● Task goal: In exact form, please repeat the records from their opening line down to the line with "Premium Italian Textured", including that line.

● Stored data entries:
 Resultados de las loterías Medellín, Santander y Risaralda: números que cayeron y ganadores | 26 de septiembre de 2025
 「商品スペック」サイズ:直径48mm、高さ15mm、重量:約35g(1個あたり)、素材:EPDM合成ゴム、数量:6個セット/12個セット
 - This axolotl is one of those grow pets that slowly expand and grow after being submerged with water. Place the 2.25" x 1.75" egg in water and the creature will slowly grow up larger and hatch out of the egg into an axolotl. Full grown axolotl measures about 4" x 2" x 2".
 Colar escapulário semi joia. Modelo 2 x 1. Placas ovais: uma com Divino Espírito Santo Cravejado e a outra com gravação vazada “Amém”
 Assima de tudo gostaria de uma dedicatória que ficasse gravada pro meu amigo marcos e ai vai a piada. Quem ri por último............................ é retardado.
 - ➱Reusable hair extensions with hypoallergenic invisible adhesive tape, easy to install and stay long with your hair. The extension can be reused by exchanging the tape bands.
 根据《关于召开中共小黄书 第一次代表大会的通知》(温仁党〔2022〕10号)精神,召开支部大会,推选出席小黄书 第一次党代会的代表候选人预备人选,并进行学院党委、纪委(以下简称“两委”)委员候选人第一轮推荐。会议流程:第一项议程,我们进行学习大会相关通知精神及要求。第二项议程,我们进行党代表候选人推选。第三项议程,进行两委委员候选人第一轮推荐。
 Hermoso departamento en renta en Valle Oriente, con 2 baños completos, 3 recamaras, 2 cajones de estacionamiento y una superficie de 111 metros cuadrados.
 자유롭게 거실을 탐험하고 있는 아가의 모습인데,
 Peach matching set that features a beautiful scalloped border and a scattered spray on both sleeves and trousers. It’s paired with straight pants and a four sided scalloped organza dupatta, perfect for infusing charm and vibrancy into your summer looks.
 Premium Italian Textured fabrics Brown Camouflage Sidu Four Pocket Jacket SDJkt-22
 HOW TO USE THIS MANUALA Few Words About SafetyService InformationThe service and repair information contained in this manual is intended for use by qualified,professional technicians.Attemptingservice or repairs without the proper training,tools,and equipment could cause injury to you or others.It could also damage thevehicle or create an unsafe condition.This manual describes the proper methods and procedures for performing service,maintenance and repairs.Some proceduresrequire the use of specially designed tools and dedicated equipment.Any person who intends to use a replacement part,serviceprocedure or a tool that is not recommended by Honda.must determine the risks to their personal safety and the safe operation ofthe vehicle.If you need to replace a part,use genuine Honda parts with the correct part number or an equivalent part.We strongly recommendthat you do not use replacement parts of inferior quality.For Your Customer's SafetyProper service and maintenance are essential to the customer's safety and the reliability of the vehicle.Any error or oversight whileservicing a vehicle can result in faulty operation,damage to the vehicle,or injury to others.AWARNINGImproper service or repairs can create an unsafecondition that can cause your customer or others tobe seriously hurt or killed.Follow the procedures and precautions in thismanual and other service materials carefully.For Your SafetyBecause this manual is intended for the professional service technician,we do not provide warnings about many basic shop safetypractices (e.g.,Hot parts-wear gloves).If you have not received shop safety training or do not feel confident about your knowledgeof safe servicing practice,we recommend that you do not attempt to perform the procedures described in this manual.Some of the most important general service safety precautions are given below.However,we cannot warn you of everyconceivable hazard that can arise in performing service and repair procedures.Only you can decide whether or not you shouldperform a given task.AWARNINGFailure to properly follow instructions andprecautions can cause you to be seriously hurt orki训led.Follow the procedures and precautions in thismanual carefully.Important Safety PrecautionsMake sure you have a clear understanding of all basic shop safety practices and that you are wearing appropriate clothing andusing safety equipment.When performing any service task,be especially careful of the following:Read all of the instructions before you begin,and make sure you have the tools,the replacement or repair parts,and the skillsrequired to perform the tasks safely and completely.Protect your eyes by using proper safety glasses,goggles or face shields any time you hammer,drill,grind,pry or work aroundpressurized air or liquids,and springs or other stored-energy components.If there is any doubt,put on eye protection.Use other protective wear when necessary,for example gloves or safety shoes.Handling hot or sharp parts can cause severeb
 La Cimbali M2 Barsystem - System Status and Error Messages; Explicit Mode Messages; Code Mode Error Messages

● Task result:
 Resultados de las loterías Medellín, Santander y Risaralda: números que cayeron y ganadores | 26 de septiembre de 2025
 「商品スペック」サイズ:直径48mm、高さ15mm、重量:約35g(1個あたり)、素材:EPDM合成ゴム、数量:6個セット/12個セット
 - This axolotl is one of those grow pets that slowly expand and grow after being submerged with water. Place the 2.25" x 1.75" egg in water and the creature will slowly grow up larger and hatch out of the egg into an axolotl. Full grown axolotl measures about 4" x 2" x 2".
 Colar escapulário semi joia. Modelo 2 x 1. Placas ovais: uma com Divino Espírito Santo Cravejado e a outra com gravação vazada “Amém”
 Assima de tudo gostaria de uma dedicatória que ficasse gravada pro meu amigo marcos e ai vai a piada. Quem ri por último............................ é retardado.
 - ➱Reusable hair extensions with hypoallergenic invisible adhesive tape, easy to install and stay long with your hair. The extension can be reused by exchanging the tape bands.
 根据《关于召开中共小黄书 第一次代表大会的通知》(温仁党〔2022〕10号)精神,召开支部大会,推选出席小黄书 第一次党代会的代表候选人预备人选,并进行学院党委、纪委(以下简称“两委”)委员候选人第一轮推荐。会议流程:第一项议程,我们进行学习大会相关通知精神及要求。第二项议程,我们进行党代表候选人推选。第三项议程,进行两委委员候选人第一轮推荐。
 Hermoso departamento en renta en Valle Oriente, con 2 baños completos, 3 recamaras, 2 cajones de estacionamiento y una superficie de 111 metros cuadrados.
 자유롭게 거실을 탐험하고 있는 아가의 모습인데,
 Peach matching set that features a beautiful scalloped border and a scattered spray on both sleeves and trousers. It’s paired with straight pants and a four sided scalloped organza dupatta, perfect for infusing charm and vibrancy into your summer looks.
 Premium Italian Textured fabrics Brown Camouflage Sidu Four Pocket Jacket SDJkt-22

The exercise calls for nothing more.